Sunday, July 09, 2017

Incoming Books: July 5 and 8

I've been on vacation this past week, which means I've been doing things with family members. (Pesky family members, wanting to spend time with you and not just let you read and play video games all the time.)

I was able to turn two of those things into at least partial book-shopping expeditions: a trip into NYC with my older son to see whatever we could get cheap at TKTS [1] that sidetracked to a comics store, and The Wife's trip to a casino (The Sands Bethlehem), to which I accompanied her so she could do a little gambling (she won $6!) and I could investigate a couple of used book stores nearby (The Old Library Shop in Bethlehem and Now and Then Books in Emmaus).

These are the books I found there, already arranged basically in the order that they will go onto my shelves as soon as I stop typing here:

The Nudist on the Late Shift by Po Bronson -- Bronson's first novel, Bombardiers, is one of the great novels of the last 20 years, and a strong contender to be the Catch-22 of Gen X. For whatever reason, Bronson moved sideways from novels (after only one more) into reportage, with what always looked like squishy New Age-y affirmation-based pablum.
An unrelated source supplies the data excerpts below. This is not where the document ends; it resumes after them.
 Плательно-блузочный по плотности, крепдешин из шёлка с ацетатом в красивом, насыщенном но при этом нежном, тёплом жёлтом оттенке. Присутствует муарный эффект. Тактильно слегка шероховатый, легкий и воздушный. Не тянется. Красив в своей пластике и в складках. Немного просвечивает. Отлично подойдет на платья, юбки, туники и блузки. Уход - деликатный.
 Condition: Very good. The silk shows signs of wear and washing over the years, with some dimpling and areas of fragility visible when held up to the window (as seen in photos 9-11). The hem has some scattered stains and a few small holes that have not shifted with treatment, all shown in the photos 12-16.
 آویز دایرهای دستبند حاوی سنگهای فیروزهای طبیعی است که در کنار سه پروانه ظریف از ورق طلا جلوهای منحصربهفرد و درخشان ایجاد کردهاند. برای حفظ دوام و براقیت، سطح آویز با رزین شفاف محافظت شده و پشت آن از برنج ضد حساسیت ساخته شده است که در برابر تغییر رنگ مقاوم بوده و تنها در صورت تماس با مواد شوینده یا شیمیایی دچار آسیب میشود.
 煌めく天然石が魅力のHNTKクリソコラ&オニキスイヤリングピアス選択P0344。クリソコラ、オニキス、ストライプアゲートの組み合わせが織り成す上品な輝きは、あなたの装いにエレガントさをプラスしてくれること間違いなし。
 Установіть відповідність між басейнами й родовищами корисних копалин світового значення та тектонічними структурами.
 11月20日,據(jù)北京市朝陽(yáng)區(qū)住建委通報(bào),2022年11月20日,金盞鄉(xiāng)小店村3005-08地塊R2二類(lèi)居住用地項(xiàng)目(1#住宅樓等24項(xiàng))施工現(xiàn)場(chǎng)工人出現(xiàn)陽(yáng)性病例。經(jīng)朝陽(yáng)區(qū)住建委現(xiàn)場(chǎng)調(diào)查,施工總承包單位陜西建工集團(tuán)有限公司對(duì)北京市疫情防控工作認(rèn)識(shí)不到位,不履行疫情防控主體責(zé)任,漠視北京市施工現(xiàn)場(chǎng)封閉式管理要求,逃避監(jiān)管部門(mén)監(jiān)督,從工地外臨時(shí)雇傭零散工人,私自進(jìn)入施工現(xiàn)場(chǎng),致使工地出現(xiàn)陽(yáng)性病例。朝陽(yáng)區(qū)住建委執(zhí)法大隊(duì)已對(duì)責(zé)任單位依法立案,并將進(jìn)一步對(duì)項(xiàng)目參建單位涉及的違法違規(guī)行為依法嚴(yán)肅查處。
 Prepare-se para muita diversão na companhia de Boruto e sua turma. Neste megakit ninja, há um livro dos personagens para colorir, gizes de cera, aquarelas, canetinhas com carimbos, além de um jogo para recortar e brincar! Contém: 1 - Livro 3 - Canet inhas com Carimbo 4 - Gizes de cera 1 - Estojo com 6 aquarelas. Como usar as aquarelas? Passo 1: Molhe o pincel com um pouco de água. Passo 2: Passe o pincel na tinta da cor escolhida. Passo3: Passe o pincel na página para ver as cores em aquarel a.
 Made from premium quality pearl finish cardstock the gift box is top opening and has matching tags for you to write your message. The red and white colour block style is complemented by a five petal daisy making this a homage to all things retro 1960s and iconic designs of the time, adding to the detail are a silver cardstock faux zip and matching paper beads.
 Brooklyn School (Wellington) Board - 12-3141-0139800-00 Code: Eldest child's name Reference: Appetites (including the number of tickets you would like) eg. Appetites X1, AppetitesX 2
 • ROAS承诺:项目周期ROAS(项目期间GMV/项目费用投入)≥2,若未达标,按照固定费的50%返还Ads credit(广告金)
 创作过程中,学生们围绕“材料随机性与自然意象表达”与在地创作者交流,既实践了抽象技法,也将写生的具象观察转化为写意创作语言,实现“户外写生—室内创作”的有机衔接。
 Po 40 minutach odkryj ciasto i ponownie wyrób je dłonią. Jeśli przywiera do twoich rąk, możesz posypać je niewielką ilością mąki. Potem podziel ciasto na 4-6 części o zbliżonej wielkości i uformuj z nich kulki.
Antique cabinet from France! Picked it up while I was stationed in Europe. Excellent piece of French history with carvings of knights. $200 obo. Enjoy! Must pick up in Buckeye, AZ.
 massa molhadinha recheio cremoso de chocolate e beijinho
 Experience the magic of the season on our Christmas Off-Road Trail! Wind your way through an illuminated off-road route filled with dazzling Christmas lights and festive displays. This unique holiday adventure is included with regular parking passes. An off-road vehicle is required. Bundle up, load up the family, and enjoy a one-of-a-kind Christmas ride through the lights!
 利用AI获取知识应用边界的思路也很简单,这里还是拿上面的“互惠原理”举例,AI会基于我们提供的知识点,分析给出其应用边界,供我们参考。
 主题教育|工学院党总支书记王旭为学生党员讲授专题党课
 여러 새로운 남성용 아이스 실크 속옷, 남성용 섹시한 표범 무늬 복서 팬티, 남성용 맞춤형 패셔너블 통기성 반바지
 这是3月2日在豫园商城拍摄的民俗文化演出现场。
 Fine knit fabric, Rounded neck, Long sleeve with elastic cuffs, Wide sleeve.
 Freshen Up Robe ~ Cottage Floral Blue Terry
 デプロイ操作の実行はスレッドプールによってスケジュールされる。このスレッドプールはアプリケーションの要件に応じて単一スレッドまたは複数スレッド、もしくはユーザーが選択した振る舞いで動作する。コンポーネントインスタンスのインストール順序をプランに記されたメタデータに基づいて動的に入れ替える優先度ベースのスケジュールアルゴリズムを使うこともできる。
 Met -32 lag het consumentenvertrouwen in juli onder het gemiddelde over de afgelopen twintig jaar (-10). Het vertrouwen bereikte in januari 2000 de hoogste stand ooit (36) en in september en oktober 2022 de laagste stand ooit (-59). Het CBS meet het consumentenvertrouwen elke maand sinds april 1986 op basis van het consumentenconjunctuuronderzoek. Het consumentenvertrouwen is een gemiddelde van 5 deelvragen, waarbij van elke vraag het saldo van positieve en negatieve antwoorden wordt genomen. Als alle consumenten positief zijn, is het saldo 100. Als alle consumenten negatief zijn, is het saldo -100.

This was the transition book, which I never read: the reported book about the first Silicon Valley tech boom that came before he dove into things like What Should I Do With My Life? So I decided to finally check it out.

The Amazing Adventures of Kavalier and Clay by Michael Chabon -- I had a copy of this for years, but it was a big, bulky hardcover, and I don't often get to big books that I missed when they were published. But I've liked several Chabon things, and this book intersects several of my fandoms (comics, SF, good writing), so I probably should read it someday.

Hershey by Michael D'Antonio -- a biography of Milton Snavely [2] Hershey, the man behind the chocolate, the amusement park, and the school for orphans. The family makes a pilgrimage to Hersheypark every summer, and I just might read this book for that trip this year.

The Road to Wigan Pier by George Orwell -- I don't think I've read this. And I keep wanting to read more Orwell nonfiction.

Enter Jeeves by P.G. Wodehouse -- a cluster of early Jeeves-and-Wooster stories that aren't (I think) in any of the other collections, possibly because they were mined for later novels, along with the complete "Reggie Pepper" stories. Mr. Pepper is, of course, a proto-Bertie.

The Luck of the Bodkins by P.G. Wodehouse -- another one of those lovely little small Overlook hardcovers, of which I am intending to collect the lot.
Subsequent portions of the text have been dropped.